* TASK OBJECTIVE: Your task is to retype, exactly and only, the lines from the one containing "- Smart TV Features" to the final line of the entries, leaving out all pictures.

* RECORDS SUPPLIED:

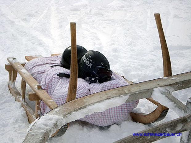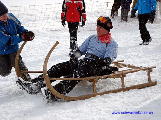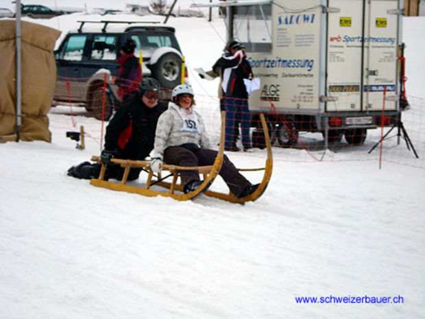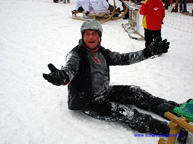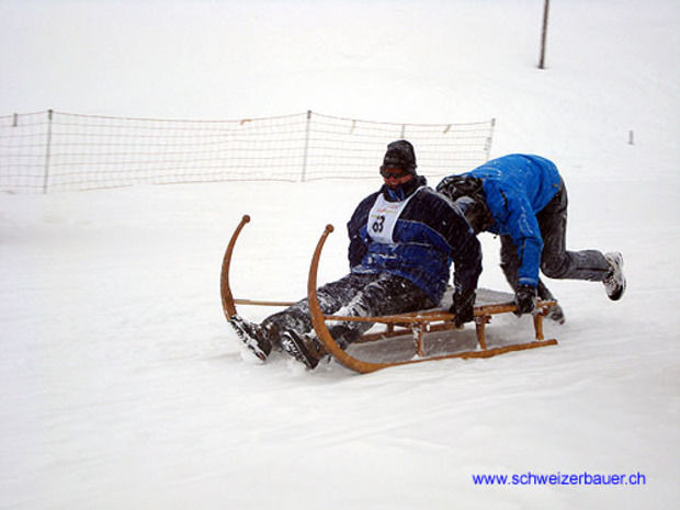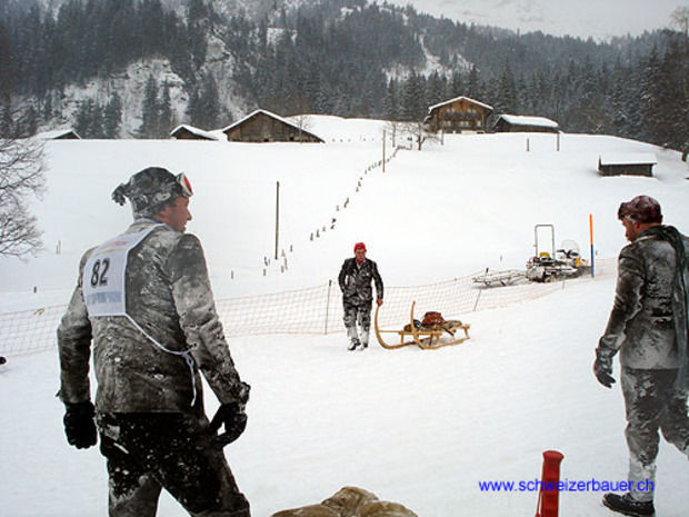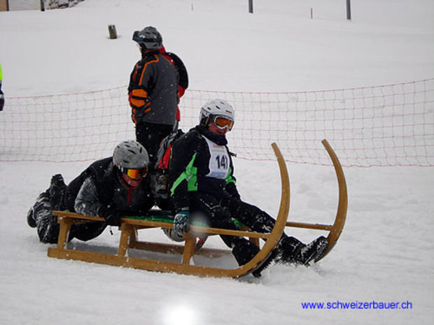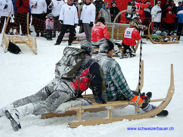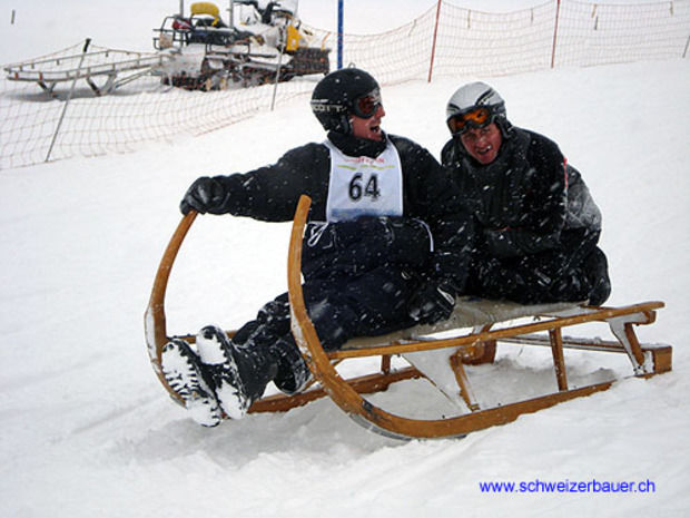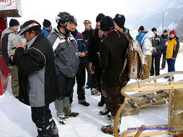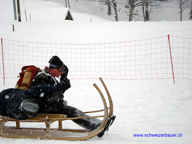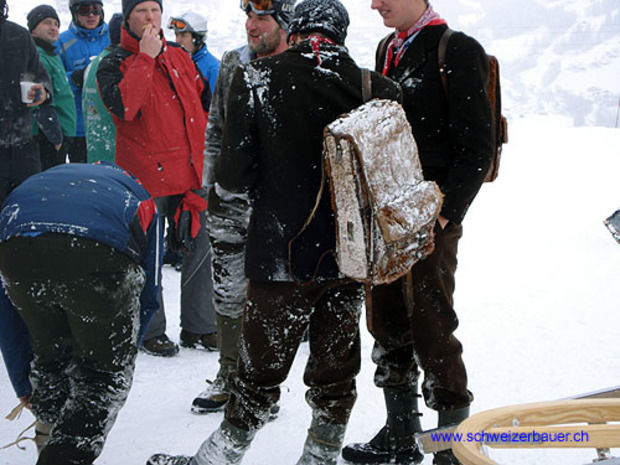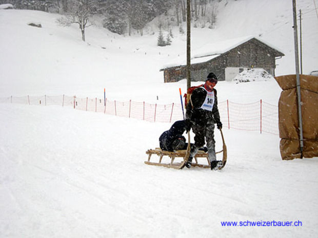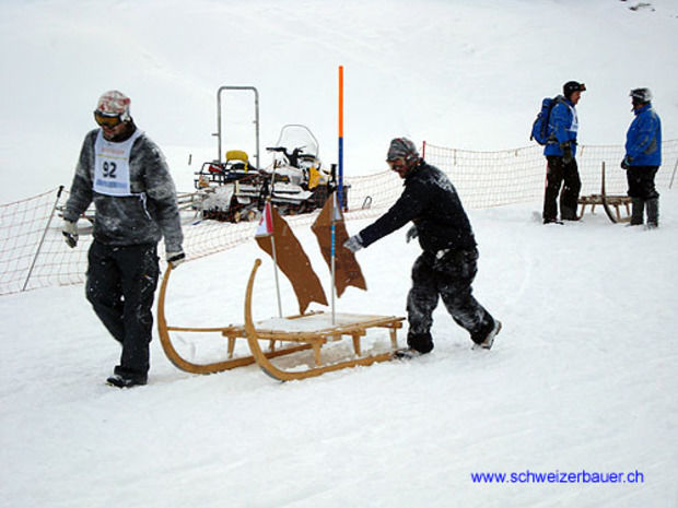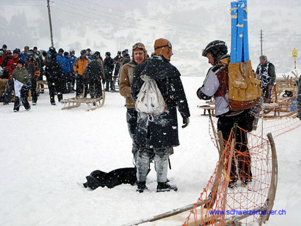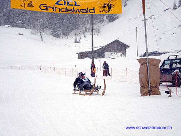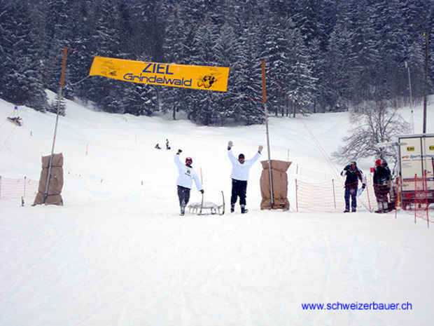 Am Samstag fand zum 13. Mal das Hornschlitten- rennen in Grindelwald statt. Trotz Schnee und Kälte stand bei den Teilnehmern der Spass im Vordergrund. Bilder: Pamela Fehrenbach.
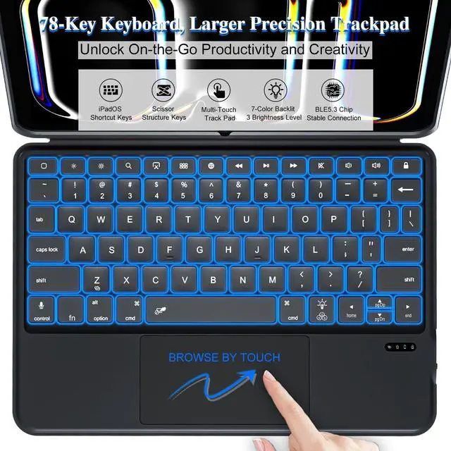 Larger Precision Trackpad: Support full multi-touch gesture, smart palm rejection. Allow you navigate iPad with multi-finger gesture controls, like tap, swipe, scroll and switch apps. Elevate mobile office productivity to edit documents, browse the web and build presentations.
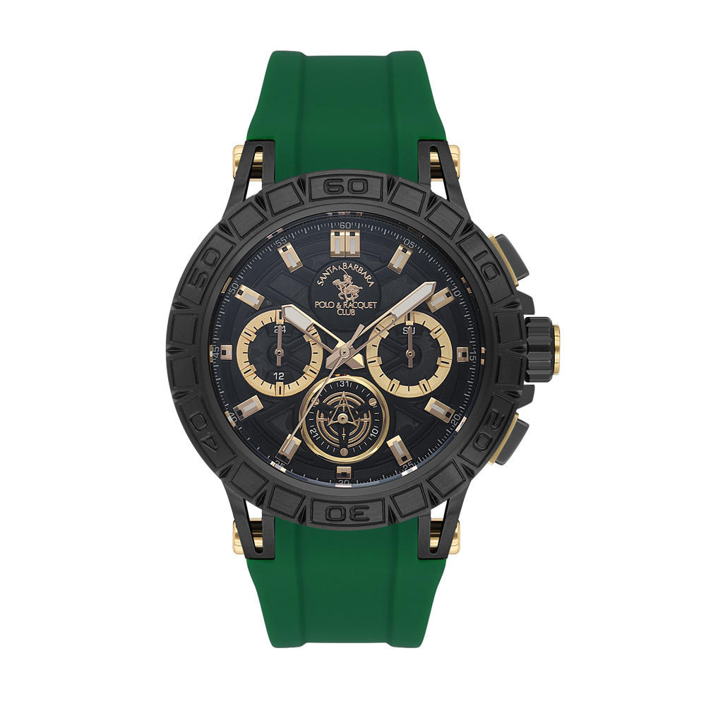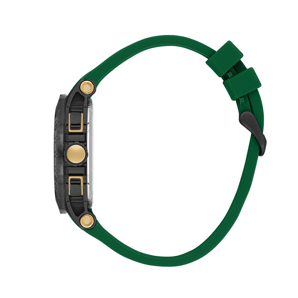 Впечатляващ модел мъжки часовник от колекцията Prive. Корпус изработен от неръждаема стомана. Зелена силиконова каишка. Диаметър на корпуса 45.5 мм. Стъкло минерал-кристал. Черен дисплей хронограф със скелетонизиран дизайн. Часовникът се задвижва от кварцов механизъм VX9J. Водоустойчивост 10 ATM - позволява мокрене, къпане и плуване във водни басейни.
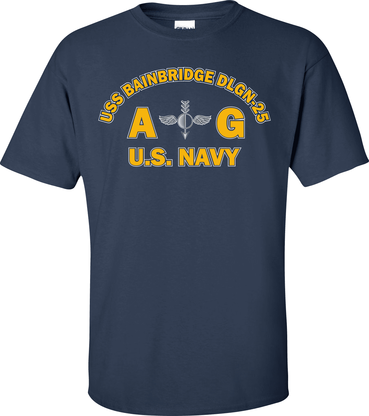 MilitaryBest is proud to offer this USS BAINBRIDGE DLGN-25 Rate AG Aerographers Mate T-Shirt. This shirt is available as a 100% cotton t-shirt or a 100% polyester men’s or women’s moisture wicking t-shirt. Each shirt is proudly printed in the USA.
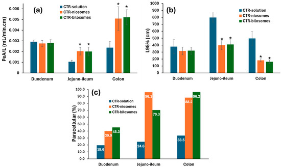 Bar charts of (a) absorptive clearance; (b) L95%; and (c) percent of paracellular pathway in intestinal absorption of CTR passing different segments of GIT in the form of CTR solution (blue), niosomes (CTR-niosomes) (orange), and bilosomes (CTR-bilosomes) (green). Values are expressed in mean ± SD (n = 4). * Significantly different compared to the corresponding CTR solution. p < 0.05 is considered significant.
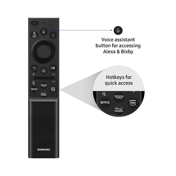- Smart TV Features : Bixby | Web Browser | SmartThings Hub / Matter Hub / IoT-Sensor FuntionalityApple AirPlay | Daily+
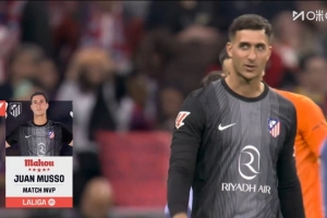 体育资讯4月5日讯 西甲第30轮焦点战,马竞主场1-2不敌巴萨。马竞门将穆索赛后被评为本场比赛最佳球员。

* TASK RESPONSE:
- Smart TV Features : Bixby | Web Browser | SmartThings Hub / Matter Hub / IoT-Sensor FuntionalityApple AirPlay | Daily+
 体育资讯4月5日讯 西甲第30轮焦点战,马竞主场1-2不敌巴萨。马竞门将穆索赛后被评为本场比赛最佳球员。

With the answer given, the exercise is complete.